■ Work required ■
Output exactly the lines from the first line of the records below through the line containing "达在台湾永续奖所评比环境、、", both included, leaving out any pictures.

---- The data

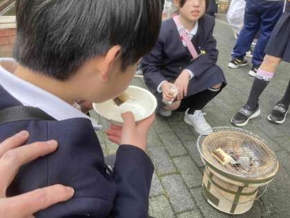 今日は昔の人たちがよく利用していた「七輪」を利用しておもちを焼きました。児童の感想では、普段おもちを焼く時は電子レンジで簡単に焼くことができるけど、七輪はとても大変だったと話してくれました。
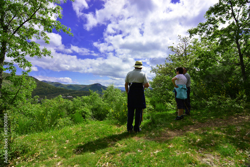 © uzkiland, Naklejka premium grupo de caminantes disfrutando del paisaje de montaña
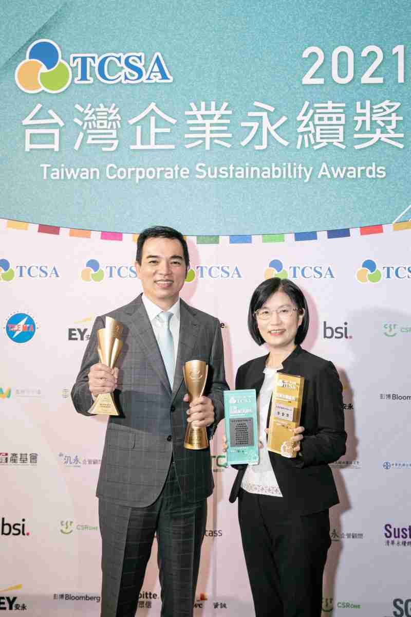 达在台湾永续奖所评比环境、、、、社会、、治理等各面向的永续绩效均获高度肯定 (左:冰球突破光电总经理暨营运长柯富仁,,,右:冰球突破光电永续长古秀华)
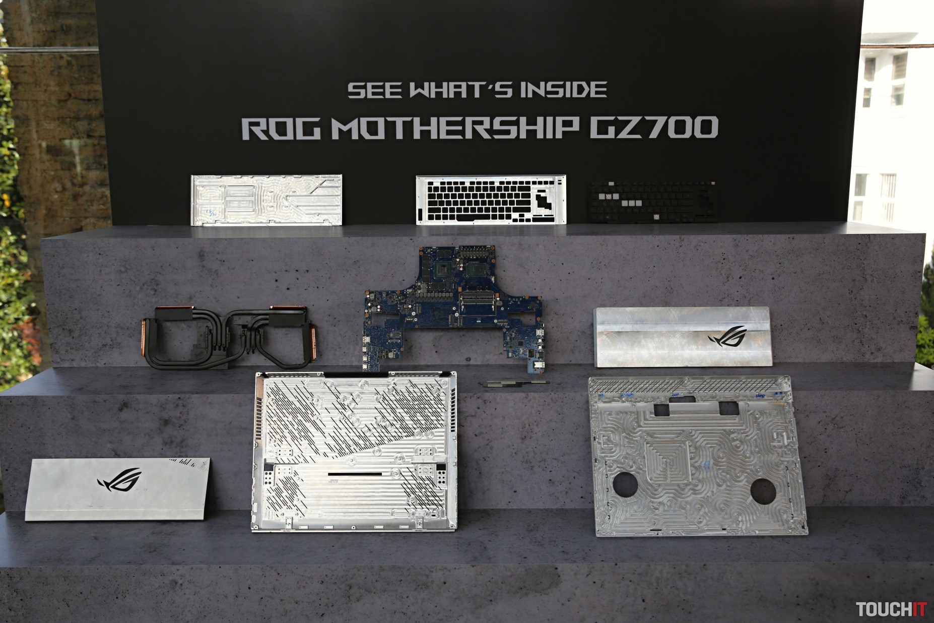 ROG Mothership položíte na stôl, pritom sa automaticky vysunie jeho podstavec. Zástupcov ASUSu sme sa pýtali, ako to majú mechanicky preverené, že toto bude dlhodobo fungovať a dostali sme odpoveď, že toto je riešenie, ktoré bolo úspešne otestované v náročných podmienkach počas naozaj intenzívneho používania. Keďže je Mothership postavený na stole, jeho chladenie funguje úplne inak. Neleží totiž na stole ako tradičné notebooky, ale využíva stojan, vďaka ktorému má chladiaci systém neobmedzený prístup k prieduchu vzduchu na zadnej strane. Klávesnica je odnímateľná a dá sa zložiť. Vtedy má Je možné ju položiť kdekoľvek a pripojiť priamo alebo bezdrôtovo. Odňatie klávesnice odkryje štyri reproduktory, ktoré smerujú priamo na používateľa.
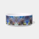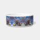 De mooie leeuwenvis op dit medium Pet Bowl is aan het zwemmen in een kleurrijk zoutwateraquarium. Het is een originele foto van ZoeSPEAK die het patroon toont van dikke en dunne strepen en fancy vinnen op deze ongewoon uitziende vis. Het is een kleurrijke foto met het tropisch blauw, geel en roze van het aquarium en de zalmroze neus van de vis.
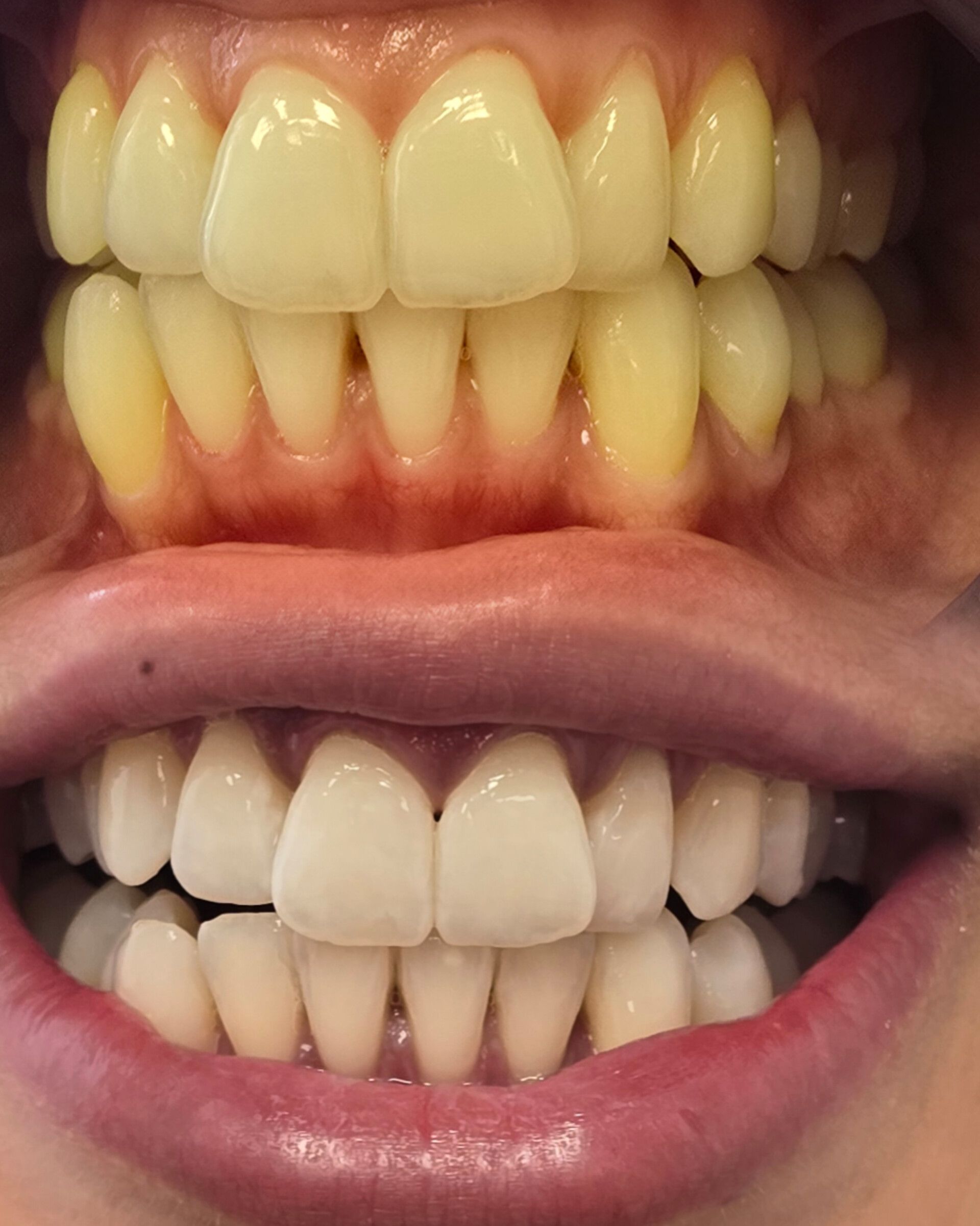 Dieses kosmetische Zahnbleaching ist ideal für Menschen, die Verfärbungen durch Kaffee, Tee, Rauchen oder andere Lebensmittel loswerden möchten, um ein strahlendes, weißes Lächeln zu erhalten.
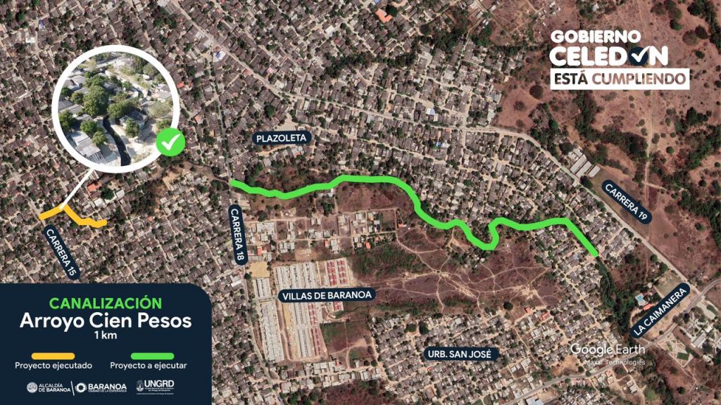 En el Arroyo Cien Pesos se contempla la canalización desde el puente sobre la vía a Usiacurí hasta la Calle 33, en el barrio Villa Eleyla y beneficiará a los barrios España, Cien Pesos, 11 de Noviembre y Villa Eleyla. Es más de 1 kilómetro de cauce que será canalizado en concreto hidráulico con una inversión de $14.627 millones. “La obra ya fue adjudicada y en las próximas semanas se dará inicio”, agregó el primer mandatario local.
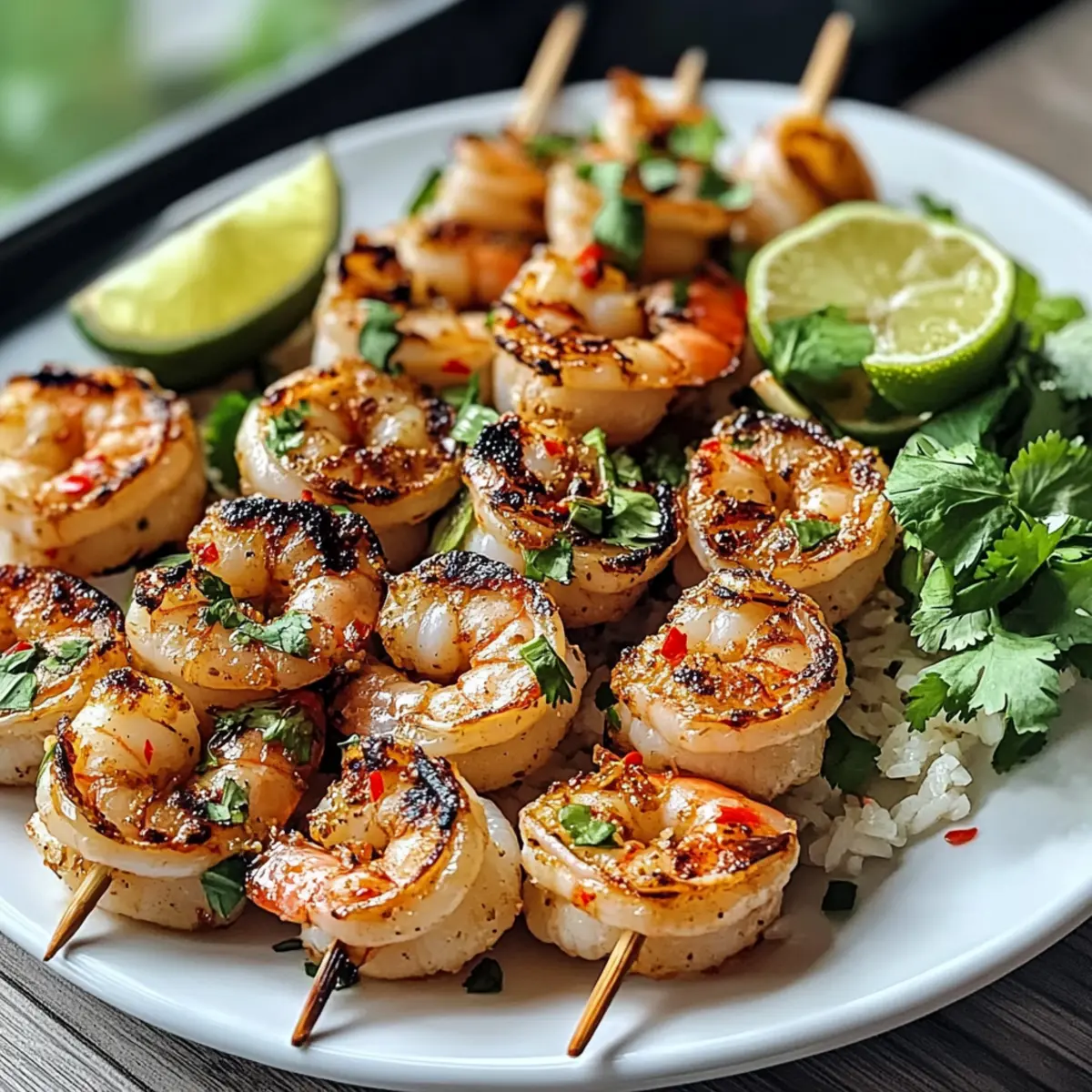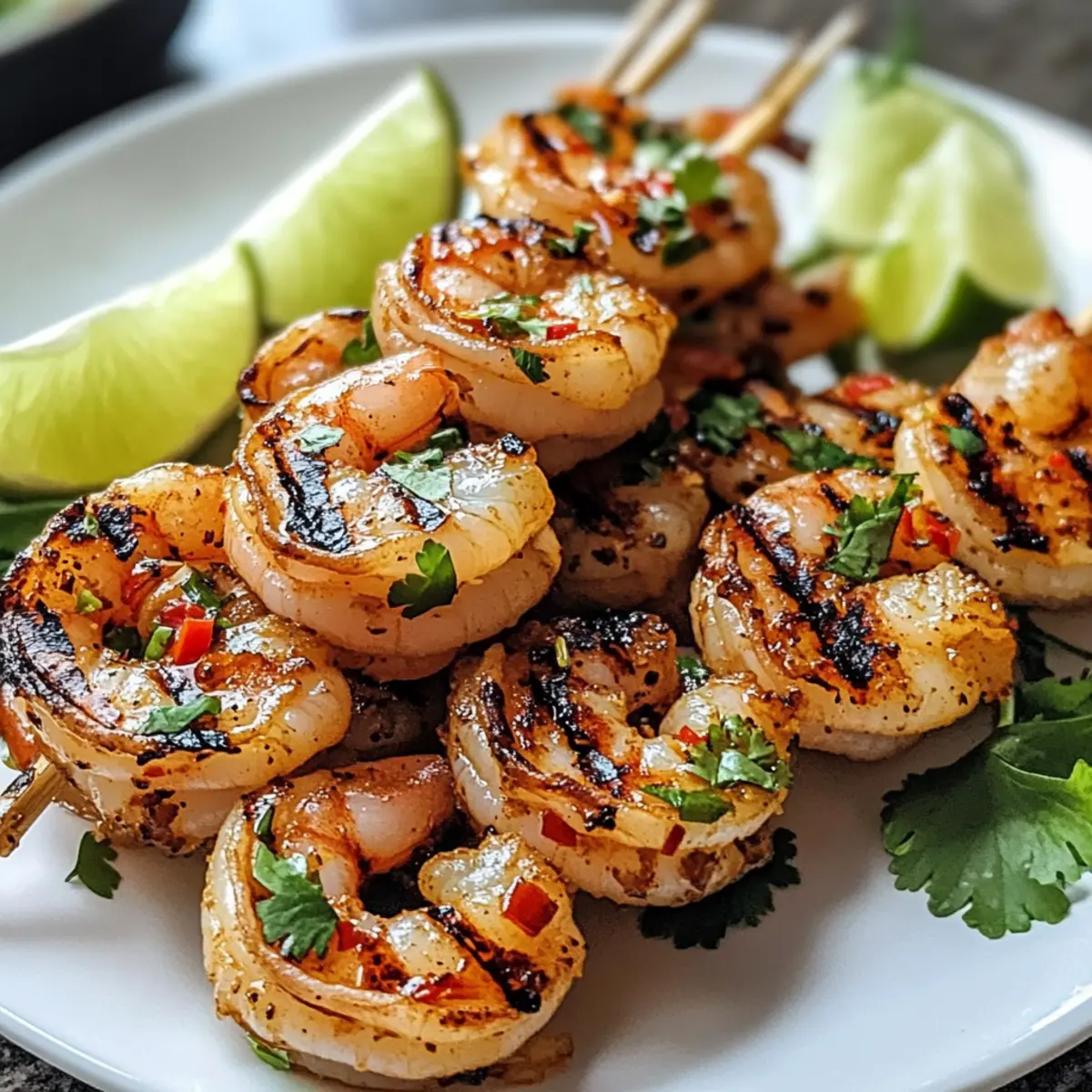 Es gibt etwas Magisches, wenn der Grill zum Leben erwacht und der Duft von frischen Zutaten die Luft erfüllt. Bei meinen Thailändischen Chili-Zitronengras-gegrillten Garnelen wird dieser Moment zum unvergesslichen Erlebnis! Dieses Rezept bringt die aufregenden Aromen Thailands auf Ihren Tisch und eignet sich perfekt für ein schnelles Abendessen unter der Woche oder um Ihre Gäste am Wochenende zu beeindrucken. Mit einer unwiderstehlichen Kombination aus spritziger Limette, duftendem Zitronengras und einem würzigen Kick ist dieses Gericht nicht nur glutenfrei, sondern auch Ausdruck von Genuss und Leichtigkeit. Außerdem ist die Zubereitung denkbar einfach – so haben Sie mehr Zeit, um das köstliche Ergebnis zu genießen. Wer könnte da schon widerstehen? Lassen Sie uns zusammen in die Welt der thailändischen Aromen eintauchen! Warum werden Sie dieses Rezept lieben? Einfachheit: Die Zubereitung ist kinderleicht und benötigt keine komplizierten Kochkünste. Schmecken Sie das köstliche Ergebnis in kürzester Zeit! Aromatische Explosion: Mit frischem Zitronengras und würziger Chili werden Ihre Geschmacksknospen auf eine aufregende Reise geschickt. Vielseitigkeit: Variieren Sie das Rezept nach Belieben, indem Sie Garnelen durch Huhn oder Tofu ersetzen – perfekt für jeden Geschmack. Optisch ansprechend: Servieren Sie die Garnelen mit frischem Koriander und Limetten, um die Farben und Aromen hervorzuheben. Woche für Woche: Ideal für ein schnelles Abendessen unter der Woche oder für ein entspanntes Wochenende, das Ihre Gäste begeistern wird. Weitere spannende Ideen finden Sie auch bei unseren Frischkäse Roll Ups oder den Thai Basilikum Rindfleischrollen! Zutaten für Thailändische Chili-Zitronengras-gegrillte Garnelen • Für die Zubereitung der zarten Garnelen benötigen Sie nur die besten Zutaten! Für die Marinade Zitronengras – verleiht dem Gericht ein frisches, zitrusartiges Aroma; frisches Zitronengras ist ideal, kann aber im Notfall durch Zitronenschale ersetzt werden. Fischsoße – sorgt für tiefe Umami-Noten und Salzigkeit; kann durch Sojasoße als vegetarische Option ersetzt werden. Limettensaft – bringt die Aromen zum Leuchten; frisch gepresst ist die beste Wahl. Brauner Zucker – harmonisiert die Umami- und Säurenoten mit einer süßen Note; Kokosblütenzucker ist eine gute Alternative. Pflanzenöl – wird für die Marinade und beim Grillen verwendet; Olivenöl oder Sesamöl können für zusätzlichen Geschmack genutzt werden. Gehackter Knoblauch – verstärkt das gesamte Aroma; frischer Knoblauch ist am besten, aber Granulat kann als Notlösung dienen. Rote Chili-Flocken – geben dem Gericht einen scharfen Kick; reduzieren oder weglassen für mildere Garnelen. Schwarzer Pfeffer – sorgt für eine pfeffrige Balance; frisch gemahlener Pfeffer ist empfehlenswert. Für die Garnitur Frischer Koriander – bringt Frische und Farbe; perfekt für eine ansprechende Präsentation. Limetten – zum Servieren, da sie das Gericht nochmals aufhellen. Mit diesen eingesammelten Zutaten schaffen Sie die makellosen Thailändischen Chili-Zitronengras-gegrillten Garnelen, die Ihre Geschmacksknospen begeistern werden! Step-by-Step Instructions für Thailändische Chili-Zitronengras-gegrillte Garnelen Step 1: Marinade zubereiten In einer mittleren Schüssel das fein gehackte Zitronengras, Fischsoße, Limettensaft, braunen Zucker, Pflanzenöl, gehackten Knoblauch, rote Chili-Flocken und schwarzen Pfeffer gut vermengen. Mit einem Schneebesen alles so lange verrühren, bis der Zucker vollständig aufgelöst ist. Diese aromatische Marinade wird die Thailändischen Chili-Zitronengras-gegrillten Garnelen mit unvergleichlichem Geschmack erfüllen. Step 2: Garnelen marinieren Die vorbereiteten Garnelen in die Marinade geben und sicherstellen, dass jede Garnele gleichmäßig beschichtet ist. Die Schüssel mit Frischhaltefolie abdecken und für mindestens 30 Minuten, optimalerweise bis zu 1 Stunde, im Kühlschrank ziehen lassen. Das Marinieren wird die Aromen intensivieren und die Garnelen zart machen. Step 3: Grill vorheizen Den Grill auf mittelhohe Hitze vorheizen, was etwa 190 °C bis 200 °C entspricht. Dies sorgt für eine perfekte Garung der Garnelen, bei der sie außen eine schöne Grillmarkierung erhalten und innen zart bleiben. Ein gut vorgeheizter Grill ist entscheidend für die Zubereitung der Thailändischen Chili-Zitronengras-gegrillten Garnelen. Step 4: Garnelen aufspießen Die marinierten Garnelen auf Spieße stecken, dabei darauf achten, etwas Platz zwischen den Garnelen zu lassen, um gleichmäßiges Garen zu ermöglichen. Wenn Holzspieße verwendet werden, diese zuvor 30 Minuten in Wasser einweichen, damit sie beim Grillen nicht anbrennen. Dies hält die Garnelen auch saftig und verhindert ein Ankleben am Grill. Step 5: Garnelen grillen Die Spieße auf den Grill legen und die Garnelen für etwa 2-3 Minuten pro Seite grillen, bis sie rosa und undurchsichtig sind. Achten Sie darauf, die Garnelen nicht zu übergaren, da sie sonst zäh werden. Eine perfekte Grillzeit sorgt dafür, dass die Thailändischen Chili-Zitronengras-gegrillten Garnelen saftig und geschmackvoll bleiben. Step 6: Servieren Die Spieße vom Grill nehmen und kurz ruhen lassen, bevor Sie die Garnelen vorsichtig von den Spießen abziehen. Mit frischem Koriander und Limettenspalten garnieren, um dem Gericht eine zusätzliche Frische zu verleihen. Diese einfachen Schritte garantieren ein beeindruckendes und schmackhaftes Gericht der Thailändischen Chili-Zitronengras-gegrillten Garnelen. Variationen der Thailändischen Chili-Zitronengras-gegrillten Garnelen Lassen Sie Ihrer Kreativität freien Lauf und passen Sie dieses köstliche Gericht nach Ihrem Geschmack an! Proteinwechsel: Ersetzen Sie Garnelen durch Hähnchen oder festen Tofu für eine neue Textur und Geschmack. So ist für jeden etwas dabei! Würzigkeitsanpassung: Reduzieren Sie die Menge an roten Chili-Flocken oder servieren Sie die Garnelen mit e
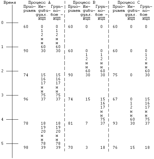 Рисунок 8.5. Планирование на основе кольцевого списка и приоритеты процессов 8.1.5 Планирование на основе справедливого разделаВышеописанный алгоритм планирования не видит никакой разницы между пользователями различных классов (категорий). Другими словами, невозможно выделить определенной совокупности процессов, например, половину сеанса работы с ЦП. Тем не менее, такая возможность имеет важное значение для организации работы в условиях вычислительного центра, где группа пользователей может пожелать купить только половину машинного времени на гарантированной основе и с гарантированным уровнем реакции. Здесь мы рассмотрим схему, именуемую "Планированием на основе справедливого раздела" (Fair Share Scheduler) и реализованную на вычислительном центре Indian Hill фирмы AT&T Bell Laboratories [Henry 84]. Принцип "планирования на основе справедливого раздела" состоит в делении совокупности пользователей на группы, являющиеся объектами ограничений, накладываемых обычным планировщиком на обработку процессов из каждой группы. При этом система выделяет время ЦП пропорционально числу групп, вне зависимости от того, сколько процессов выполняется в группе. Пусть, например, в системе имеются четыре планируемые группы, каждая из которых загружает ЦП на 25% и содержит, соответственно, 1, 2, 3 и 4 процесса, реализующих счетные задачи, которые никогда по своей воле не уступят ЦП. При условии, что в системе больше нет никаких других процессов, каждый процесс при использовании традиционного алгоритма планирования получил бы 10% времени ЦП (поскольку всего процессов 10 и между ними не делается никаких различий). При использовании алгоритма планирования на основе справедливого раздела процесс из первой группы получит в два раза больше времени ЦП по сравнению с каждым процессом из второй группы, в 3 раза больше по сравнению с каждым процессом из третьей группы и в 4 раза больше по сравнению с каждым процессом из четвертой. В этом примере всем процессам в группе выделяется равное время, поскольку продолжительность цикла, реализуемого каждым процессом, заранее не установлена. Реализация этой схемы довольно проста, что и делает ее привлекательной. В формуле расчета приоритета процесса появляется еще один термин - "приоритет группы справедливого раздела". В пространстве процесса также появляется новое поле, описывающее продолжительность ИЦП на основе справедливого раздела, общую для всех процессов из группы. Программа обработки прерываний по таймеру увеличивает значение этого поля для текущего процесса и ежесекундно пересчитывает значения соответствующих полей для всех процессов в системе. Новая компонента формулы вычисления приоритета процесса представляет собой нормализованное значение ИЦП для каждой группы. Чем больше процессорного времени выделяется процессам группы, тем выше значение этого показателя и ниже приоритет. В качестве примера рассмотрим две группы процессов (Рисунок 8.6), в одной из которых один процесс (A), в другой - два (B и C). Предположим, что ядро первым запустило на выполнение процесс A, в течение секунды увеличивая соответствующие этому процессу значения полей, описывающих индивидуальное и групповое ИЦП. В результате пересчета приоритетов по истечении секунды процессы B и C будут иметь наивысшие приоритеты. Допустим, что ядро выбирает на выполне

--------

■ Written solution ■
 今日は昔の人たちがよく利用していた「七輪」を利用しておもちを焼きました。児童の感想では、普段おもちを焼く時は電子レンジで簡単に焼くことができるけど、七輪はとても大変だったと話してくれました。
 © uzkiland, Naklejka premium grupo de caminantes disfrutando del paisaje de montaña
 达在台湾永续奖所评比环境、、、、社会、、治理等各面向的永续绩效均获高度肯定 (左:冰球突破光电总经理暨营运长柯富仁,,,右:冰球突破光电永续长古秀华)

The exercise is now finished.